PROBLEM DESCRIPTION ::
Leave every picture behind and copy the rest of the entries below exactly.

TASK MATERIAL ::

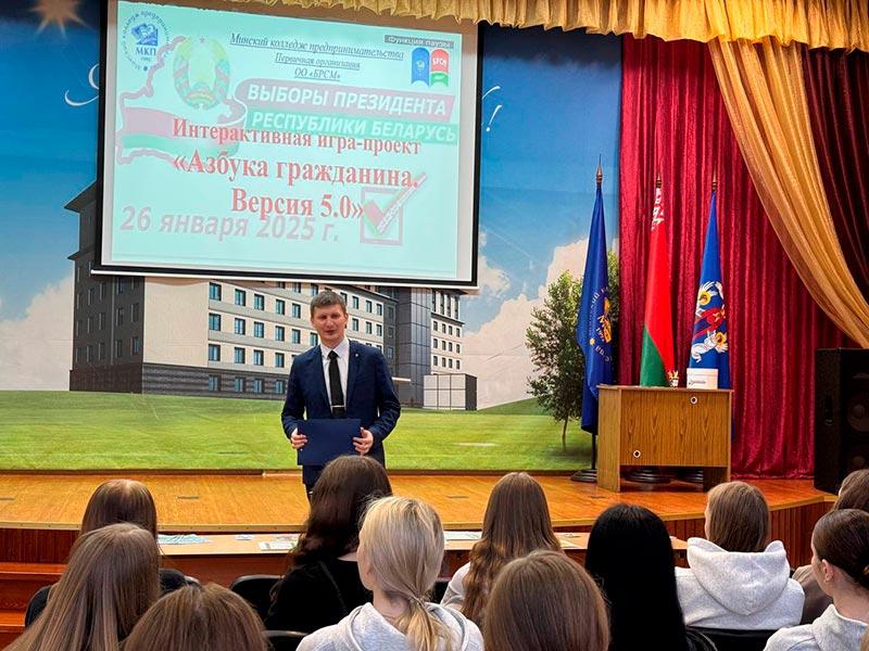 В Минском колледже предпринимательства состоялся проект «Азбука гражданина», в рамках которого учащиеся познакомились с особенностью электоральной кампании по выборам Президента Республики Беларусь и смогли почувствовать себя в роли избирателей, членов участковых избирательных комиссий, наблюдателей и других.
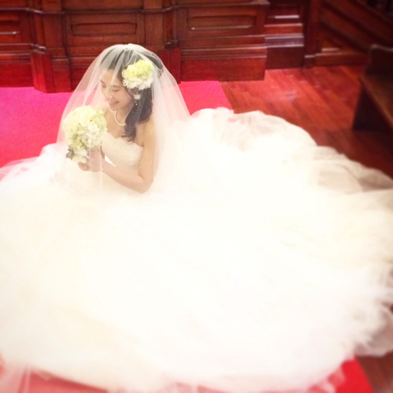 赤いバージンロードに、真っ白なドレスをお召しになったご新婦さま・・・
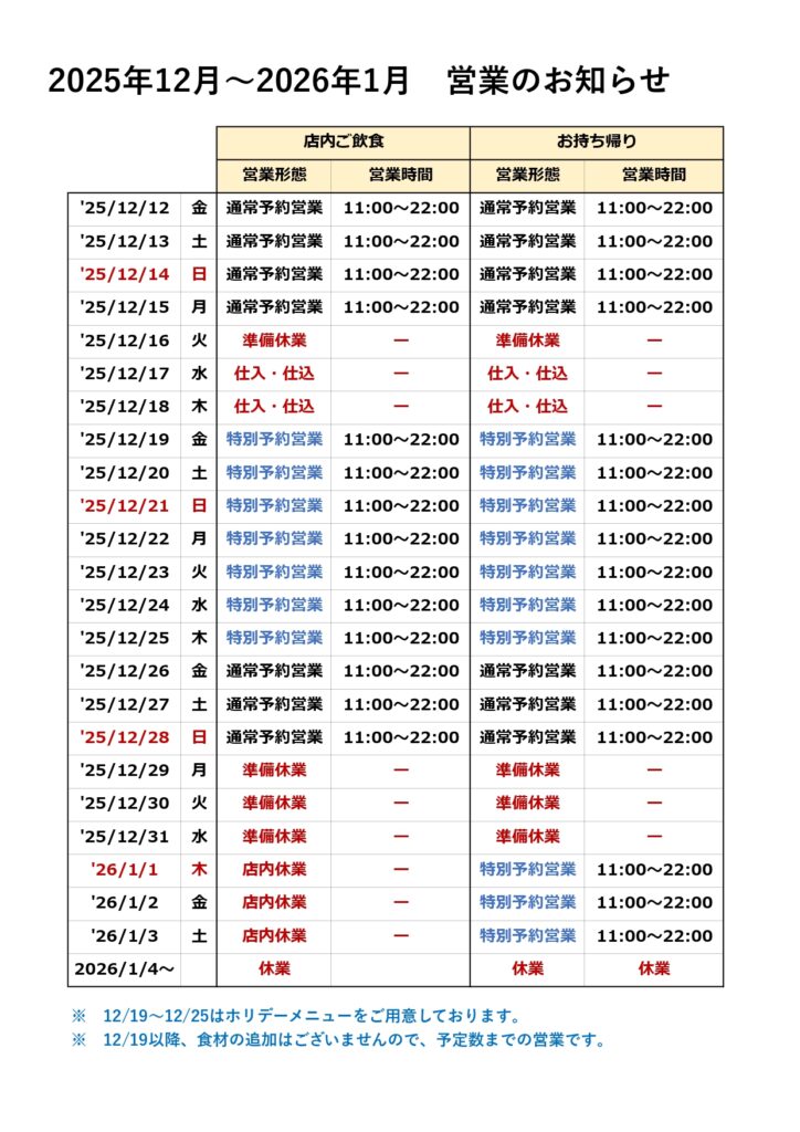 下記添付の通り、12月中旬~1月中旬までは、変則スケジュールです。ご予約方法に変更はございません。実際の営業状況は、cafe gran(店内ご飲食 詳しくはコチラ)「おうちでぐらん」(おもちかえり 詳しくはコチラ)のページをご覧ください。
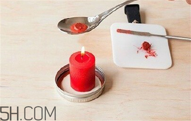 第二步:将断裂的口红彻底切断,取其中一段,放在勺子上,隔火融化。
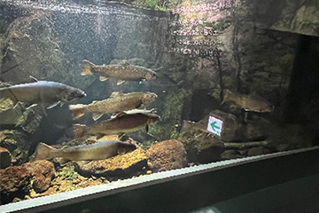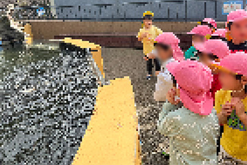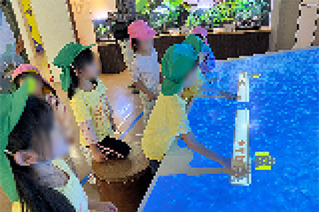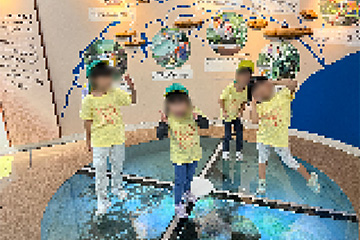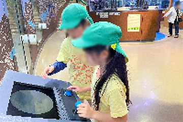 科学館内では大きな魚や可愛い魚に見入ったり、魚の生態が学べる展示に触れたりと自由に見学を楽しんでいましたよ。今日の目玉、お魚のえさやり体験では餌を近づけるだけで集まってくる大量の魚たちに「キャー!!」と大盛り上がりでした(笑)
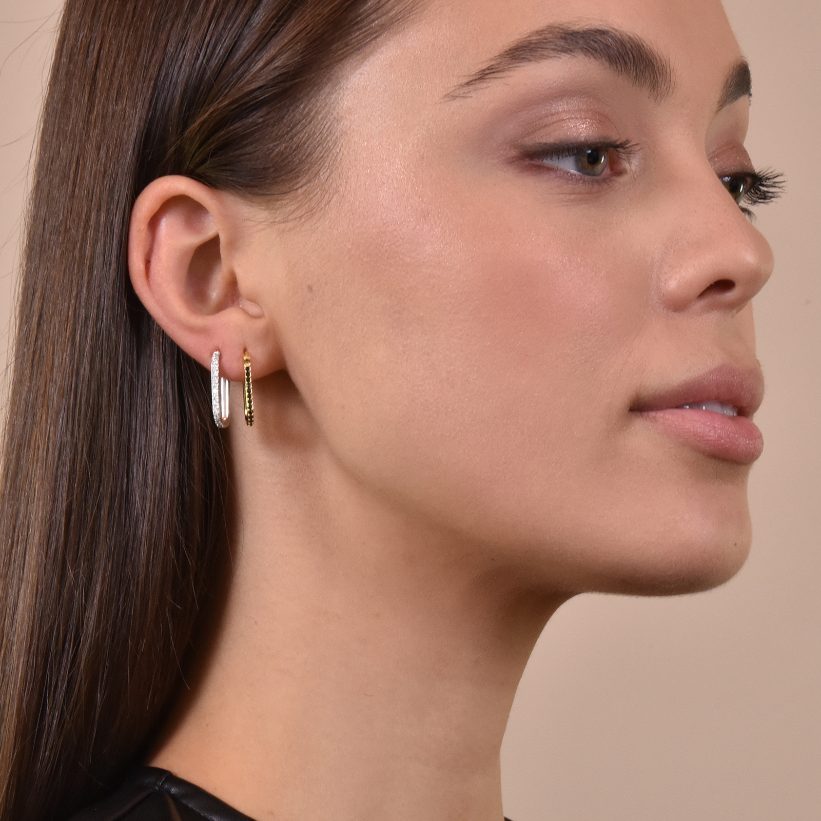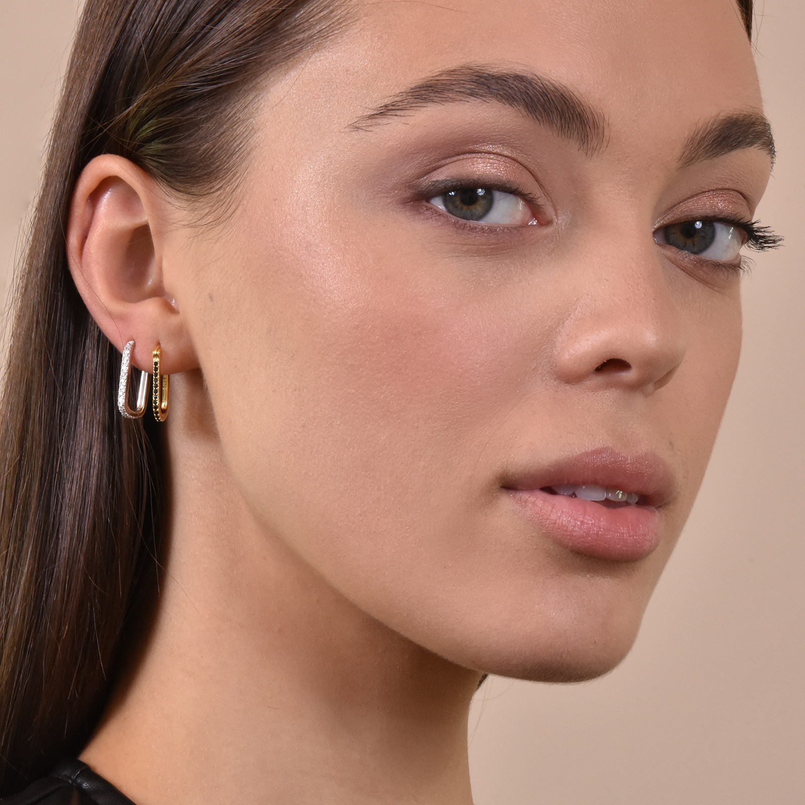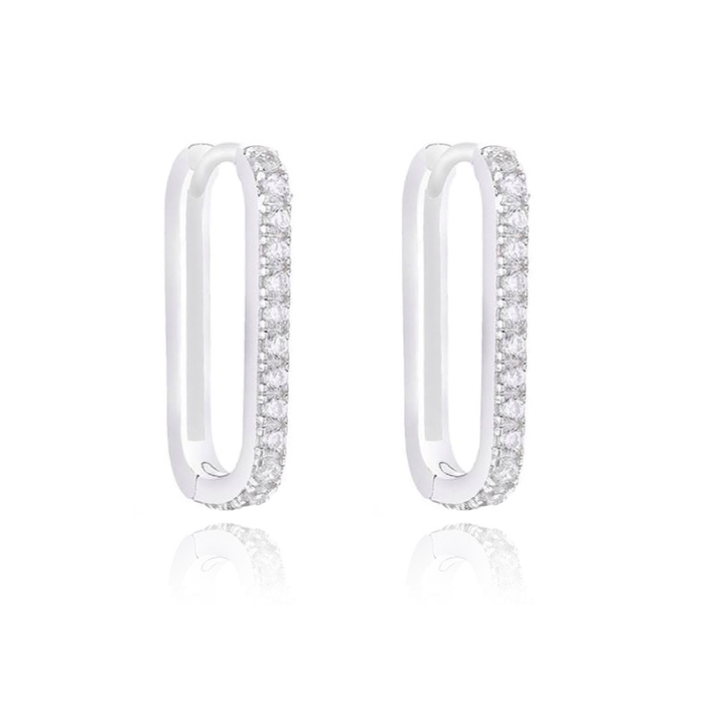 Chic dainty beauty with a subtle shimmer. Introducing Parker Dainty Silver Huggie Earrings — a modern minimalist style ear love for dainty style lovers. This design features oval-shaped huggies with the front side embellished with clear cubic zirconias. The earrings are made of solid sterling silver that endures. Perfect for modern, minimalist, chic, punk, earring multilayering, mismatching, Nordic, casual, everyday styles and more. Hypoallergenic, nickel, cadmium and lead free.

SOLUTION FOR THIS EXERCISE ::
 В Минском колледже предпринимательства состоялся проект «Азбука гражданина», в рамках которого учащиеся познакомились с особенностью электоральной кампании по выборам Президента Республики Беларусь и смогли почувствовать себя в роли избирателей, членов участковых избирательных комиссий, наблюдателей и других.
 赤いバージンロードに、真っ白なドレスをお召しになったご新婦さま・・・
 下記添付の通り、12月中旬~1月中旬までは、変則スケジュールです。ご予約方法に変更はございません。実際の営業状況は、cafe gran(店内ご飲食 詳しくはコチラ)「おうちでぐらん」(おもちかえり 詳しくはコチラ)のページをご覧ください。
 第二步:将断裂的口红彻底切断,取其中一段,放在勺子上,隔火融化。
 科学館内では大きな魚や可愛い魚に見入ったり、魚の生態が学べる展示に触れたりと自由に見学を楽しんでいましたよ。今日の目玉、お魚のえさやり体験では餌を近づけるだけで集まってくる大量の魚たちに「キャー!!」と大盛り上がりでした(笑)
 Chic dainty beauty with a subtle shimmer. Introducing Parker Dainty Silver Huggie Earrings — a modern minimalist style ear love for dainty style lovers. This design features oval-shaped huggies with the front side embellished with clear cubic zirconias. The earrings are made of solid sterling silver that endures. Perfect for modern, minimalist, chic, punk, earring multilayering, mismatching, Nordic, casual, everyday styles and more. Hypoallergenic, nickel, cadmium and lead free.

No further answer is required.